Thank you *Andi :flower:


----------



## *Andi (Nov 8, 2009)

You are welcome!

It is a great little book.


----------



## twiggie (Jan 3, 2009)

I also read and love this book. It's got loads of great information that is still applicable in some aspects despite being 70 years old. Although in the case of books and people the older they are the better information they can provide.


----------



## Emerald (Jun 14, 2010)

It is pretty much the first several issues of Mother Earth news.. I have them all on disc and have read most of it.. not a super big fan I must say.. some stuff great.. some stuff okay.. some stuff.. just plain dumb and awful. 

ETA: Yup same stuff.. the ideas behind it are actually good... getting stuff ready to be more self sustaining but the way they do it.. not very good. at least this version has a disclaimer about their poor practices concerning pesticides but not their poor animal welfare and raising.. if you are going to raise turkey and chicken that way you would be better off just buying store bought.. JMHO


----------



## *Andi (Nov 8, 2009)

One must remember this was the 40's ...

We now know some things that were not know back then but for me the "basic plan" without the pesticides  would be a good start for someone just starting out and had no clue.

I look at it as a building block from the past ... You take the plan, look at "back then and now" and you have a start.

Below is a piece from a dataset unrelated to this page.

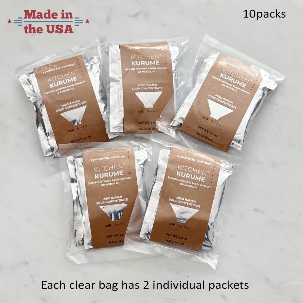 Kitchen Kurume® Miso Ramen Soup Concentrate (Pack of 10), Made in USA, Japanese Ramen Soup Base, 100% Natural Ingredients, No MSG, No Preservatives, Fresh Small Batch,15 Fl Oz
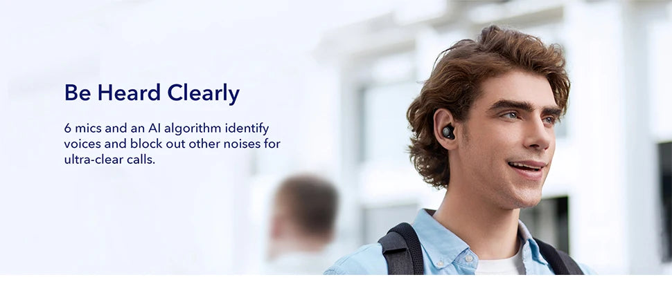 6 mics and an AI algorithm identify voices and block out other noises for ultra-clear calls.

One must start some where ... either The "Have More" Plan or/and Carla Emery, Encyclopedia of Country Living. But that is just me.


----------



## Salekdarling (Aug 15, 2010)

Thanks for sharing Andi and Mdprepper! :wave:


----------



## lovetogrow (Jan 25, 2011)

DITTO THAT :2thumb:


----------



## BillM (Dec 29, 2010)

When I was a kid , this was very common. Most people grew a garden in the back yard and kept chickens. Small farms all had orchards and a milk cow or two.


----------



## Barfife (Apr 23, 2011)

I had not heard of this book until today. Definately a reference keeper. thanks


----------



## Thaddius (Jun 27, 2012)

If you can find a copy

"five Acres and freedom" is in the same vein.

Thad.

P.S. Thanks for the link, will be enjoying this later tonight.


----------



## wavetoworld (Jul 31, 2012)

Glad that you shared the link, It is rare to find any good links for reference.


----------